**TASK BRIEF**
Beginning at the line that holds "ทางหลวงปลอดภัย ขับขี่สบายตา 4", transcribe each line exactly through the end of the records, and leave any pictures out.

**Recorded data**
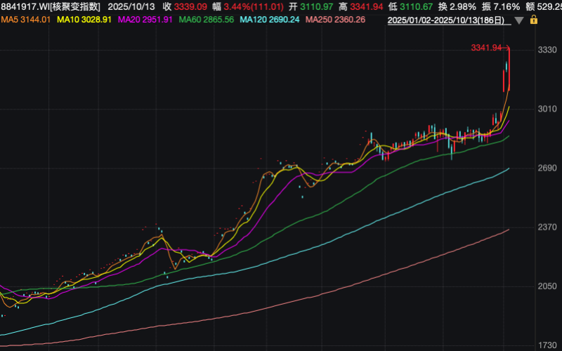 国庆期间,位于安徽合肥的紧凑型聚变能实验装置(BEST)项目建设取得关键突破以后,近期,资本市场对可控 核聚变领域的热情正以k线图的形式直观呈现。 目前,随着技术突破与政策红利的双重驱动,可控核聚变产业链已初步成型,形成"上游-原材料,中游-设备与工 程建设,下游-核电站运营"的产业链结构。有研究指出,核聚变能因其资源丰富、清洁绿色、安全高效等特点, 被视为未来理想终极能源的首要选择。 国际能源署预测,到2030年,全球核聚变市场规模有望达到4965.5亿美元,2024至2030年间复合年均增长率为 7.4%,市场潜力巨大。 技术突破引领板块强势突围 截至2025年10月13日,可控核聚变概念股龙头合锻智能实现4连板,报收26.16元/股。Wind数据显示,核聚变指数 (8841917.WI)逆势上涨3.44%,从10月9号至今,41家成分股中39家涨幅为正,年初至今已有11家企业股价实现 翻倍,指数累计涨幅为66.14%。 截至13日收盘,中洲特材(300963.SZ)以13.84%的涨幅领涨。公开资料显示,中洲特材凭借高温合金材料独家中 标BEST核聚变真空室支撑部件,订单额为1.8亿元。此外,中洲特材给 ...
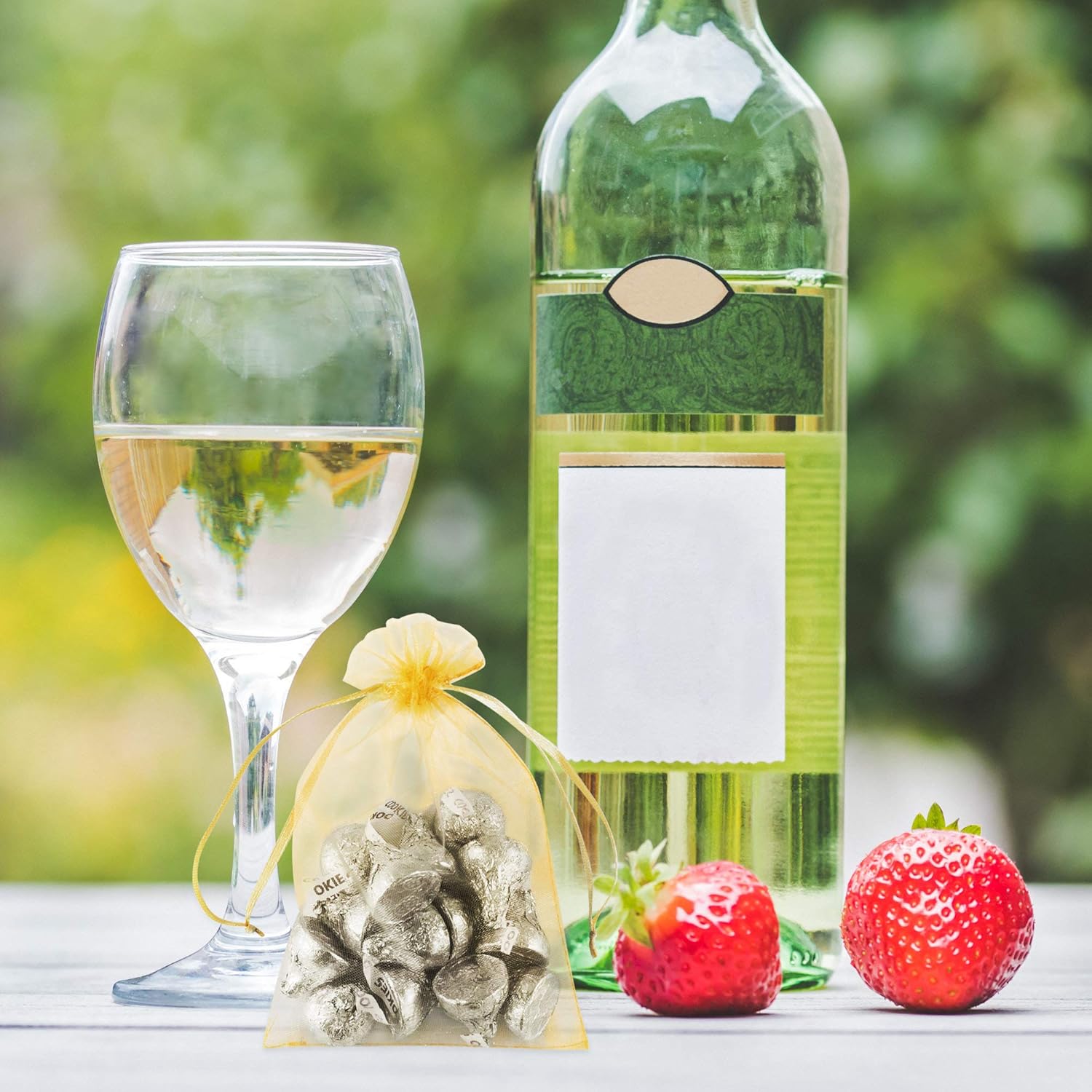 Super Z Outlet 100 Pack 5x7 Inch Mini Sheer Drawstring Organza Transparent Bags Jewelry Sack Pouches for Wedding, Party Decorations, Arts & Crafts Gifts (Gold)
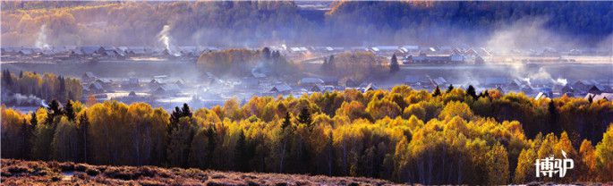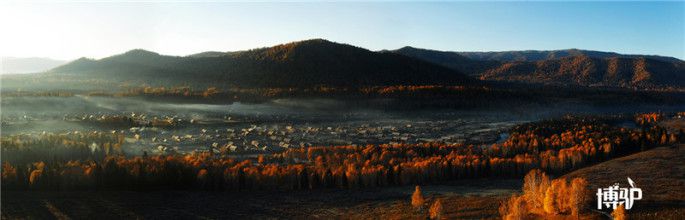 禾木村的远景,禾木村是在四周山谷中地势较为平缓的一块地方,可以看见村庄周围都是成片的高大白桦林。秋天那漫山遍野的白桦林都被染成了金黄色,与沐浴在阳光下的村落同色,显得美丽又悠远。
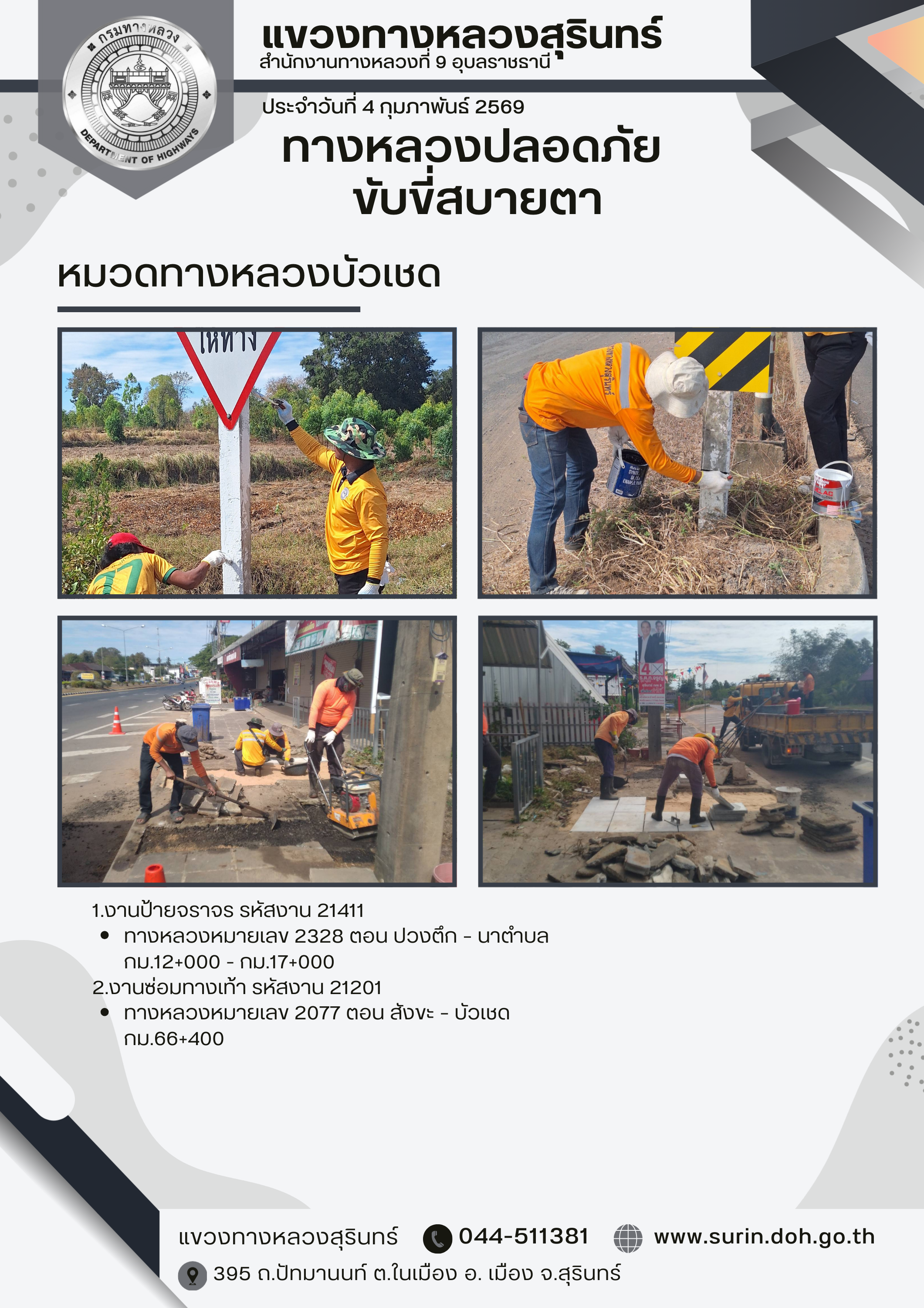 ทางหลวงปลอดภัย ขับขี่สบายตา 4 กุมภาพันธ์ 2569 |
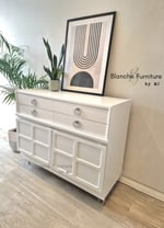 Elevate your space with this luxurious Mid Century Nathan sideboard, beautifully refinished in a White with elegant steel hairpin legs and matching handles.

**OUTPUT FOR THIS EXERCISE**
 ทางหลวงปลอดภัย ขับขี่สบายตา 4 กุมภาพันธ์ 2569 |
 Elevate your space with this luxurious Mid Century Nathan sideboard, beautifully refinished in a White with elegant steel hairpin legs and matching handles.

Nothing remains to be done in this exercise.